▶ Assignment
Taking the line with "A woman is lying" as the first, copy every line through the end of the records below exactly. Do not include pictures.

== Listed entries

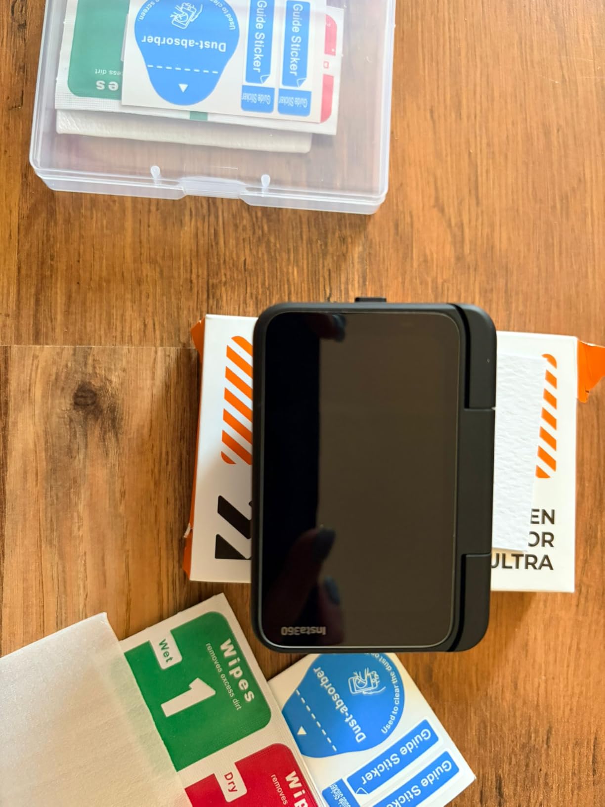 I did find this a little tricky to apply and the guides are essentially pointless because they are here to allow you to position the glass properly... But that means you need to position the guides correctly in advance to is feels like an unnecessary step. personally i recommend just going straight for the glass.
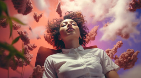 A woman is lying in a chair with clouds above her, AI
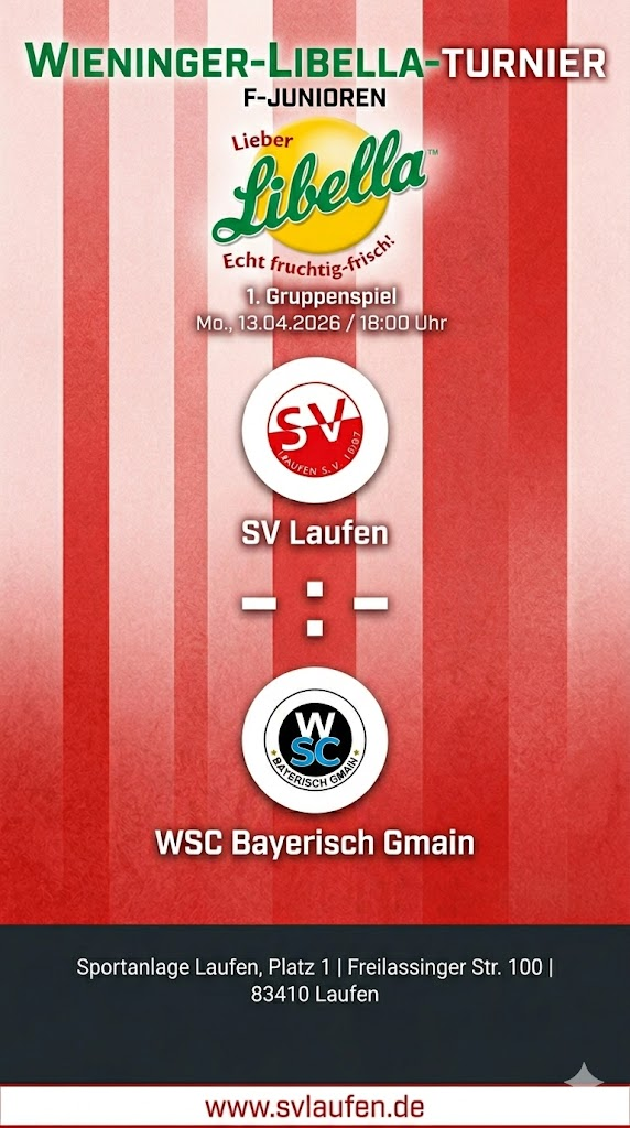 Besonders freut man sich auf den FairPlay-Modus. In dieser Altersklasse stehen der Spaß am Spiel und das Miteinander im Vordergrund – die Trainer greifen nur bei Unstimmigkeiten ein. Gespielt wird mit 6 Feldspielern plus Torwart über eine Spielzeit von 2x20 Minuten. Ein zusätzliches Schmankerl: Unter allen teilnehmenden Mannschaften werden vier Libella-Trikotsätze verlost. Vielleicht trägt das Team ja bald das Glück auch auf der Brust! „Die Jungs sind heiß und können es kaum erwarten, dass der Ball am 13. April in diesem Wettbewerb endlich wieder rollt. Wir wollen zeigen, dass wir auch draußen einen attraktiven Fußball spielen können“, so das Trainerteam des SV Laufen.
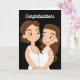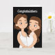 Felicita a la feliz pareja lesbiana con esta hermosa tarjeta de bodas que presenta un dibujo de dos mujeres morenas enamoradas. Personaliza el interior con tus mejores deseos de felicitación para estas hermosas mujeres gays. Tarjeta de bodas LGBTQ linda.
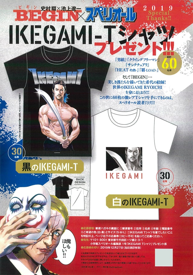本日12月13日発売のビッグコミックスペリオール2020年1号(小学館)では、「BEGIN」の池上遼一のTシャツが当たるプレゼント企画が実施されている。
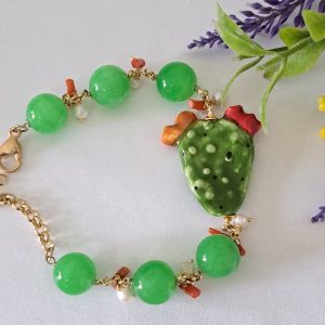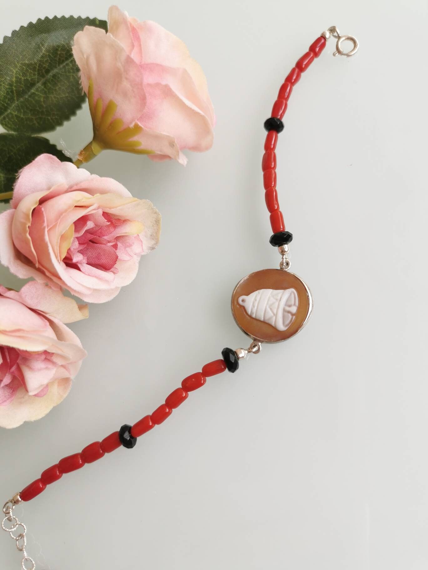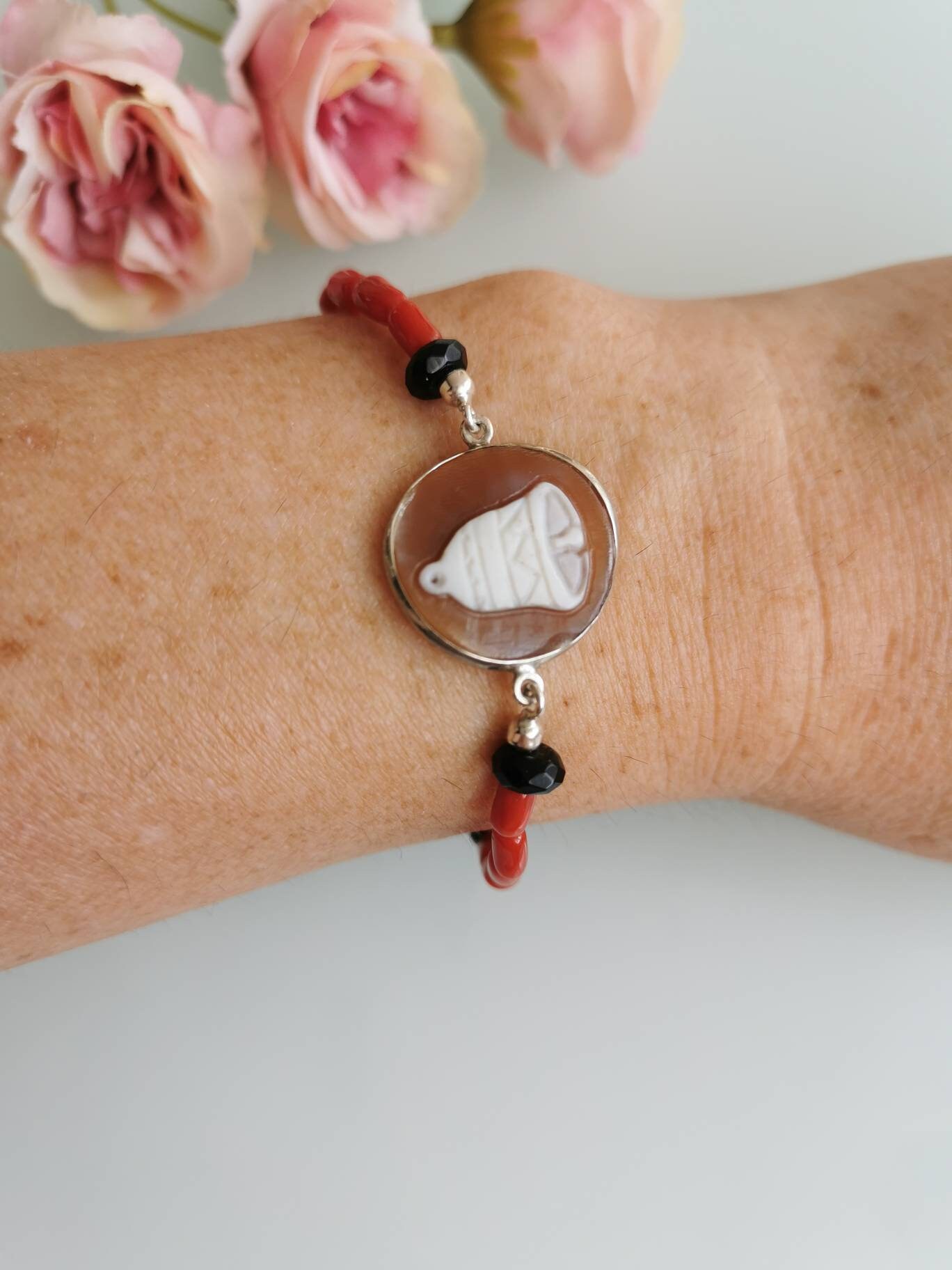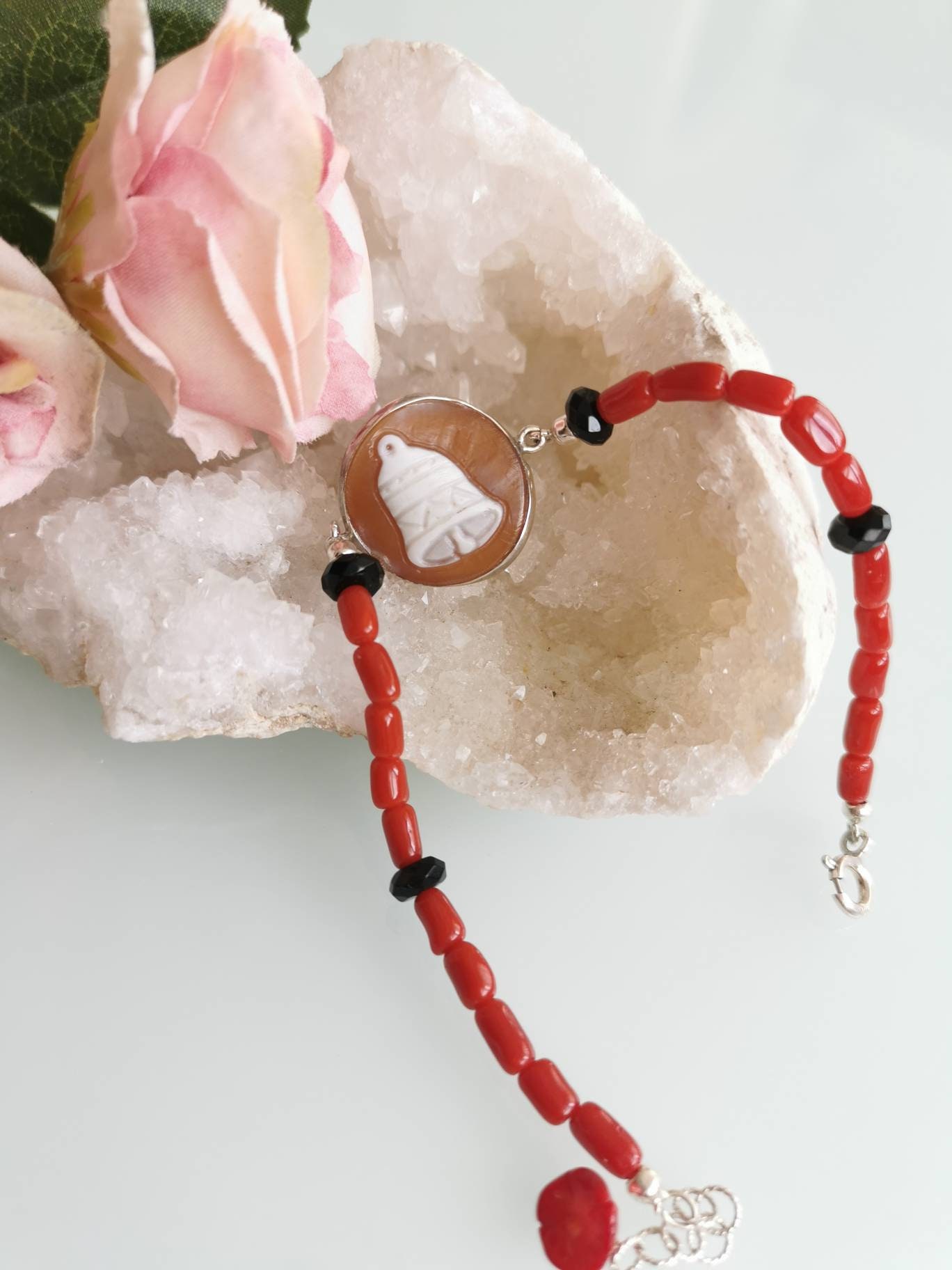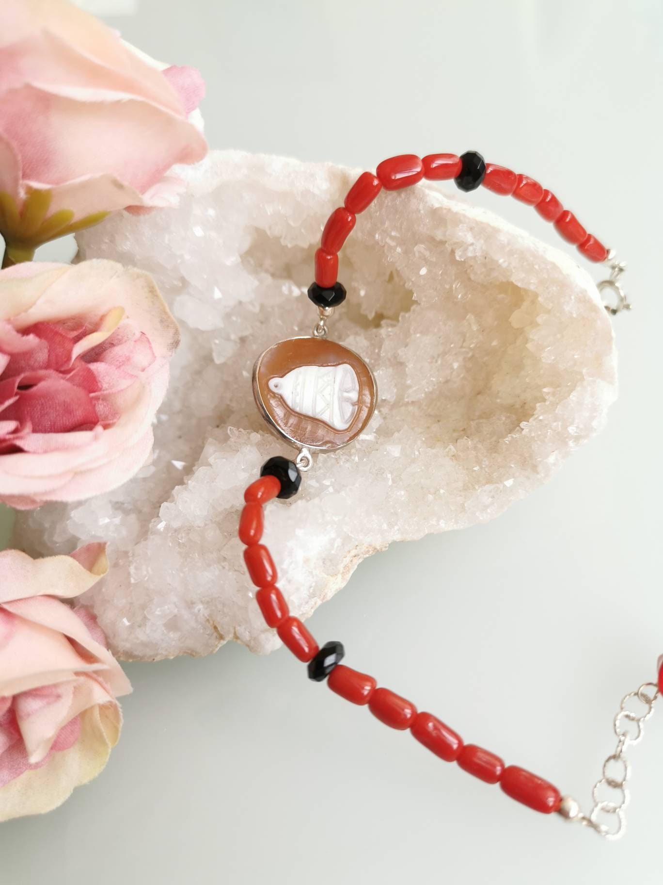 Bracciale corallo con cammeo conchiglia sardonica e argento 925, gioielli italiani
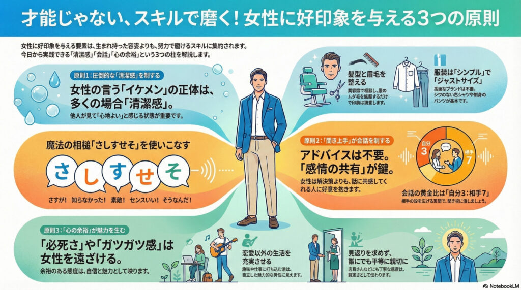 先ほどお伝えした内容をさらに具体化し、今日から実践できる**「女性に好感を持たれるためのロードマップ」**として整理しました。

====

▶ Exercise response
 A woman is lying in a chair with clouds above her, AI
 Besonders freut man sich auf den FairPlay-Modus. In dieser Altersklasse stehen der Spaß am Spiel und das Miteinander im Vordergrund – die Trainer greifen nur bei Unstimmigkeiten ein. Gespielt wird mit 6 Feldspielern plus Torwart über eine Spielzeit von 2x20 Minuten. Ein zusätzliches Schmankerl: Unter allen teilnehmenden Mannschaften werden vier Libella-Trikotsätze verlost. Vielleicht trägt das Team ja bald das Glück auch auf der Brust! „Die Jungs sind heiß und können es kaum erwarten, dass der Ball am 13. April in diesem Wettbewerb endlich wieder rollt. Wir wollen zeigen, dass wir auch draußen einen attraktiven Fußball spielen können“, so das Trainerteam des SV Laufen.
 Felicita a la feliz pareja lesbiana con esta hermosa tarjeta de bodas que presenta un dibujo de dos mujeres morenas enamoradas. Personaliza el interior con tus mejores deseos de felicitación para estas hermosas mujeres gays. Tarjeta de bodas LGBTQ linda.
本日12月13日発売のビッグコミックスペリオール2020年1号(小学館)では、「BEGIN」の池上遼一のTシャツが当たるプレゼント企画が実施されている。
 Bracciale corallo con cammeo conchiglia sardonica e argento 925, gioielli italiani
 先ほどお伝えした内容をさらに具体化し、今日から実践できる**「女性に好感を持たれるためのロードマップ」**として整理しました。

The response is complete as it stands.